The Rangers' medical staff wanted Hamilton to play a few games at designated hitter before he went back to the outfield. Saturday would be the earliest he starts in the outfield. Then he'll start making people nervous with his all-out defensive style, which mirrors his baserunning.
"The wall is the biggest thing," Hamilton said. "The doctors feel my bone is healed enough where I can dive after balls. The only thing to worry about is landing in the exact same position, hitting it the same way and re-breaking it. What are the chances of that happening? I guess it could happen, but what are the chances?"
With Hamilton? Who knows? Two years ago he hit two straight foul balls on consecutive pitches into the stands, and they were caught by the same young fan. What are the chances of that?
But Hamilton is a premium defensive outfielder. The Rangers want him back in the field when he's ready -- and without conditions or limitations.

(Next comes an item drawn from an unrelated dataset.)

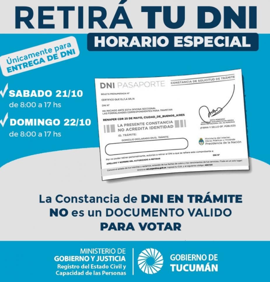 El Registro Civil de Tucumán, a cargo de Carolina Bidegorry; recuerda a la población que los próximos 21 y 22 de octubre se desarrollará el horario especial de atención al público exclusivamente para entrega de DNI.

"Nobody has told me anything about what they expect from me or what they want me to do except just play baseball," Hamilton said.
That comes from Rangers manager Ron Washington, who said he does not fret about what might happen to Hamilton on the field. The Rangers know Hamilton's value as a player but also recognize the necessity of going all-out on every play.
"I tell him, 'Don't dive into first base,' but, other than that, I don't tell him much about anything," Washington said. "When we work on sliding practice, we don't work on sliding head first. But when a guy gets on base, I can't yell, 'Hey, if you're going to steal, don't fly in head first.' That's on them.
"I can't control them when they are out there between the lines and have no intention of doing that."
Which is the way Hamilton wants it.
"It's good to have a manager say that," Hamilton said. "That's what I've done my whole life. It shouldn't be an issue. It has never been an issue. I got drafted doing it this way and did it this way in the Minor Leagues. It's the way I have done it my whole life."